In the first two parts of this article series, we discussed how your lifestyle affects your ability to retire early and examined a couple thought processes to help you make sense out of quitting the rat race and the financial considerations inherent in such a bold decision. In the third and final post, I will talk about how to design a frugal lifestyle that enables super early retirement.
These techniques can work regardless of your age and income level, but as always, everybody’s needs are uniquely different.
I only ask that you consider these techniques with an open mind and apply them, if necessary, in a way that makes the most sense for your life. Some of these techniques may not apply to you while others probably will. My intention here is not to judge or lay blame on anyone, as I have been just as guilty as the next person in so many of these very same wasteful spending habits.
Design a simple early retirement lifestyle
This article series is designed around the concept of “lifestyle” and examines how crucial your style of life plays into your ability to not just retire early, but be happy, healthy and productive in your everyday endeavors. There is no doubt about it – the more frugal your lifestyle is, the easier it will be to retire early – and stay retired!

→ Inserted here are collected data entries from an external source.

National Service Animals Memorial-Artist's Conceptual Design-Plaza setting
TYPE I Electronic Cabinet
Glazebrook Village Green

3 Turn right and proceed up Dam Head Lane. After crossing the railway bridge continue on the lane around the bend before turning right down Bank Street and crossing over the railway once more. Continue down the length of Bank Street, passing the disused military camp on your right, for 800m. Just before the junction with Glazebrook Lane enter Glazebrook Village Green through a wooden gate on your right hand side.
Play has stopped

Consumer spending accounts for nearly 3/4ths of our nation’s economy. That’s huge! Take a look around you and note all the things that you call yours. Things like computers, cell phones, flat screen televisions, stainless steel kitchen appliances, upgraded countertops, nice furniture, a big home, cars and tools…everything counts. The stuff that you and I have accounts for driving our economy forward, spurring on growth and economic stability.
Of course, that is not to say that most Americans spend money wisely. Many don’t. For so many years, I made huge financial mistakes that set me back years in my working life. I am working to correct as many as I can, and more importantly, not make the same mistakes again. The minute that I decided to retire early is also the minute I needed to begin downsizing my lifestyle.

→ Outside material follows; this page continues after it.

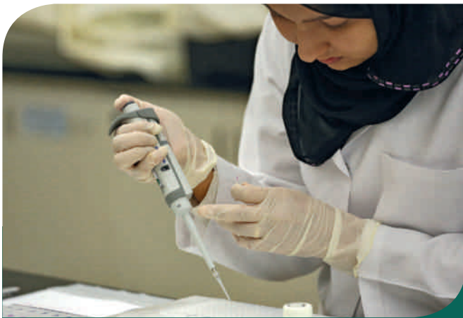
The infectious diseases laboratory tackles community threatening diseases

An infectious diseases laboratory set up to research concerns specific to Saudi Arabia and the Middle East will be a valuable resource and a timely addition to healthcare in the region.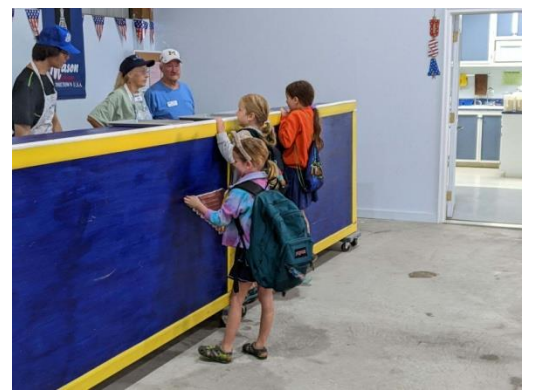
Kids keep our chapter growing. Our future of General Aviation starts with our youth dreaming about being up in the sky.

Chapter 55 was formed in 1959 and 2023 marks our 64th Anniversary

But I had to do it smart. I wanted to nix the things that I get no joy from, but maintain those things that genuinely make me smile. Instead of blindly whacking expenses out of my budget with a sledgehammer, I instead employed a much more reasoned downsizing approach, and one designed with early retirement in mind.
Allow me to lay out a 4-step process to make early retirement lifestyle design easy.
Early retirement lifestyle: Step 1
The first step in this process is to take stock of the lifestyle that you currently live and simply be honest with yourself. Things like unused gym memberships, expensive cell phone or cable/satellite television plans, magazine subscriptions and other entertainment-based services are stripping hard earned money away from Americans via easily-forgotten monthly fees.
Monthly fees are a killer to an early retirement lifestyle. They are automatic and generally slide in under the radar, especially for those of us who are less strict about budgeting and tracking each of our expenditures, which leads us into the next step of this process.
Early retirement lifestyle: Step 2
The second step is to know where your money is going. The more aware you are of each dollar that comes into and goes out from your bank account, the better equipped you will be to catch that wine club membership that you pay for but no longer use, or that extended service plan that you pay monthly for but never seem to use, or your subscription to an online dating web site that you promptly and meticulously ignore. How much is alcohol setting you back every month? Or those work lunches, or new clothes or that expensive dog food?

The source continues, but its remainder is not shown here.